Counterintuition of the day: Did the White House inadvertently hurt itself on health care by not picking a more controversial Supreme Court nominee?
I couldn't help wondering this when I read Chris Cillizza's item on the looming August air-war between groups on either side of the health care fight:
"With final votes now pushed back to at least September, this means every pro and con group is drawing up new media plans," said Larry McCarthy, a Republican media consultant who is doing work for the conservative Americans for Prosperity. "Two week media plans just extended to eight week media plans. Targets will expand -- not only national cable and swing Senators, but more congressional districts will be added." ...
American for Prosperity is spending better than $1 million on a national cable television buy this week that castigates the Canadian-style health care the president's plan would allegedly institute.
And, Rick Scott, the chairman of Conservatives for Patients' Rights, promised in a memo to supporters on Thursday that "liberal, pro-government health care advocates are intensifying their campaigns" and that "we must meet them head on and continue with ads, news events (particularly in the grassroots), media appearances, etc, to finish off the public option."

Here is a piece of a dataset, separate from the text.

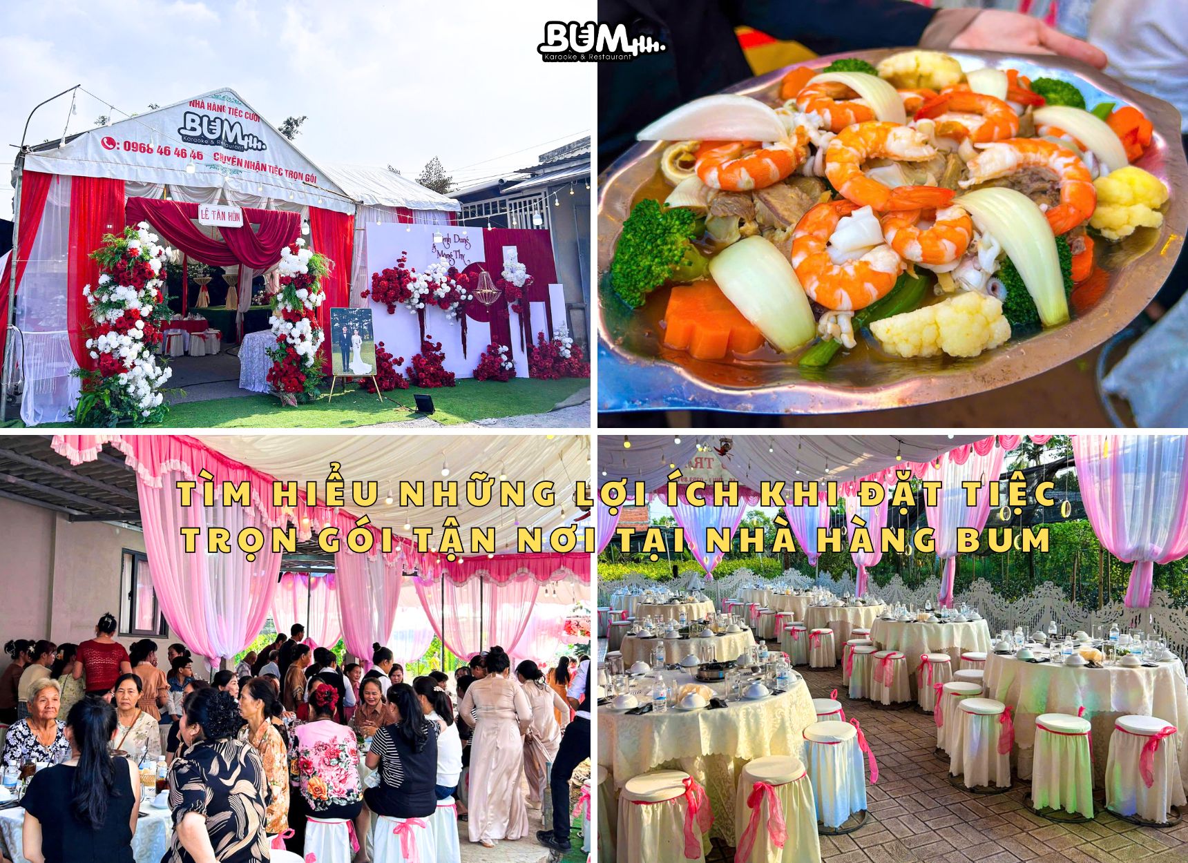 Nắm bắt nhu cầu đó, Nhà hàng BUM đã và đang triển khai tổ chức tiệc trọn gói tận nơi chuyên nghiệp, mang đến giải pháp tiện lợi, tiết kiệm và hiệu quả cho mọi buổi tiệc. Hãy cùng tìm hiểu những lợi ích nổi bật khi lựa chọn dịch vụ này tại Nhà hàng BUM.

My thinking is as follows: There's only so much money and enthusiasm out there for what's clearly a demoralized Republican Party/conservative movement. Had Obama nominated a more controversial figure to the Court, a lot of that money might have been funneled into that fight, starving the party/movement of resources to fight on health care. Even better, given the resource and enthusiasm asymmetries favoring Democrats (and basic Senate math), the White House would still almost certainly have won that fight, dealing the other side not only a financial blow, but a tough psychological blow. It's hard to get motivated for another big fight (health care) after you've thrown everything you've got into an earlier one (Supreme Court) and still come up short.
Instead, the Sotomayor nomination was executed so flawlessly that the right folded early on, allowing it to marshal resources for health care, where it looks like they may be more effective.
Now, obviously, we're not talking about the exact same pool of resources here. The right has a set of legal-activist groups, and a set of domestic-policy activist groups, and they often have separate budgets. But, equally obviously, money is fungible, and a lot of these groups raise money from the same donor-base. (And there are some conservative groups that wade into pretty much any big political fight...)
I'm not suggesting Obama should have deliberately invited controversy with his Supreme Court nominee. But it is ironic that a tougher fight on health care may be one of the consequences of defusing it so masterfully on that front.